Ответом мне стали недоверчивые взгляды. Ты идиот.
Но в чем я не сомневался, так это в том, что непримечательным Адхир точно не был.
Спустя месяц я кое-как справился со своим интересом. Хотя трудно было не слышать приглушенный шепот, которым обсуждали Николаса, роясь вокруг его имени, как пчелы. Однажды у кафе, где студенты обычно собирались покурить, я услышал его имя в разговоре. Две девушки болтали за бокалами лимонной воды. Одну, с короткими волосами и кольцом в носу, я видел в прошлогодней студенческой постановке «Сна в летнюю ночь». Она играла Титанию, королеву фей, возмутила комиссию и взволновала всех остальных своим библейским костюмом, состоявшим лишь из нескольких цветов и листьев. Ее спутница, тонкая, гибкая девушка с гладкими прямыми волосами и бледным миндалевидным лицом, приехала из моей части страны. На севере таких называют «китаезами». Она училась на год младше, изучала английский, и хотя мы ни разу не перемолвились ни словом, я знал, что ее зовут Лариса. Я купил самсу в киоске поблизости, где также продавали разбавленный лимонный сок, и сел неподалеку, чтобы можно было подслушать.

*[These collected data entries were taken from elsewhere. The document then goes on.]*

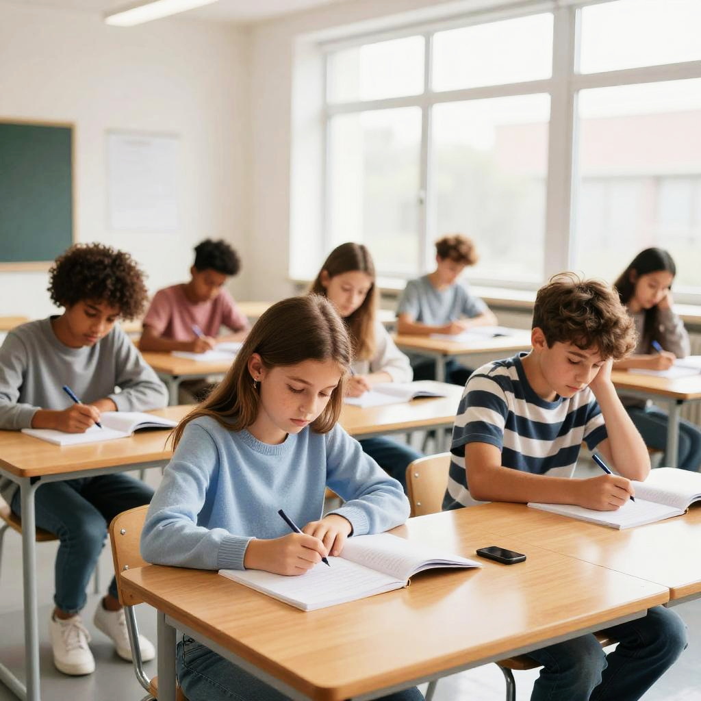Photograph of a classroom scene. A middle-aged woman with dark hair, glasses, and a beige blouse stands in front of a blackboard writing with white chalk. She's facing a group of students, some with dark hair, seated at desks. The classroom has gray brick walls, a whiteboard, and fluorescent lighting. Students are casually dressed, some with backpacks on the floor.
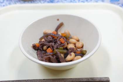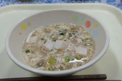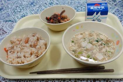 今日の献立は、かきたま汁、五目豆、かやくご飯、牛乳です。
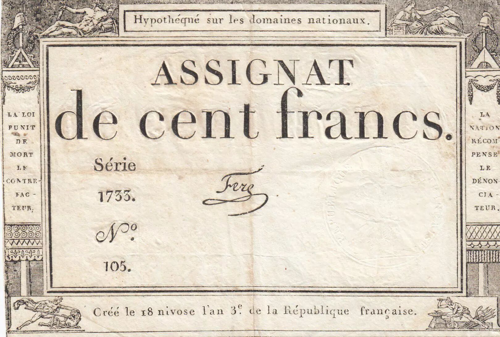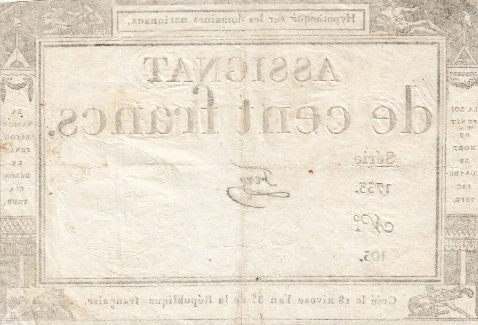 Banknote France 100 Francs - 18 Nivose An III - (07.01.1795) - Sign. Feze - Serial 1733

– Он британец, но греческого происхождения, – сказала Титания. – Во всяком случае, так он заявил Прии.
Я не знал, правду ли они говорят, но этим объяснялась оливковая кожа и темные волосы.
– Греческий бог, – ее подруга хихикнула.
– Думаешь? Ну, он высокий и все такое… но, если честно, не мой типаж.
– Да, потому что тебе по душе тощие бродячие артисты.
Обе девушки рассмеялись. Я впился зубами в самсу, и кусочек теста выскользнул у меня из рук, освободив мягкую начинку из картофеля и гороха. Она дымилась на бумажной тарелке, тамариндовый соус темнел по краям.
– Надо пригласить его на домашнюю вечеринку, – предложила Титания. – Уверена, кто-нибудь такую планирует.
Ее подруга приподняла изящную бровь.
– Почему бы нет? Вряд ли он здесь преподает. Может, у нас получится его напоить. Хотя я сомневаюсь, что он придет.
– Можем попросить Адхира его пригласить.
– Адхира?
– Они так много времени проводят вместе… ты не думаешь, что?..
– О чем ты? – подруга рассмеялась.
– Ну, не глупи, Лари, ты прекрасно знаешь, о чем я.
– И о чем же? – судя по всему, она искренне недоумевала.
– Мне кажется, они… ну, ты понимаешь… – она очень тихо договорила, так что я ничего не услышал. Зато прекрасно услышал вопль возмущения, который вырвался у Лари.
– Это отвратительно… ты правда так думаешь? Это так мерзко…
Титания отхлебнула свой напиток и ничего не ответила.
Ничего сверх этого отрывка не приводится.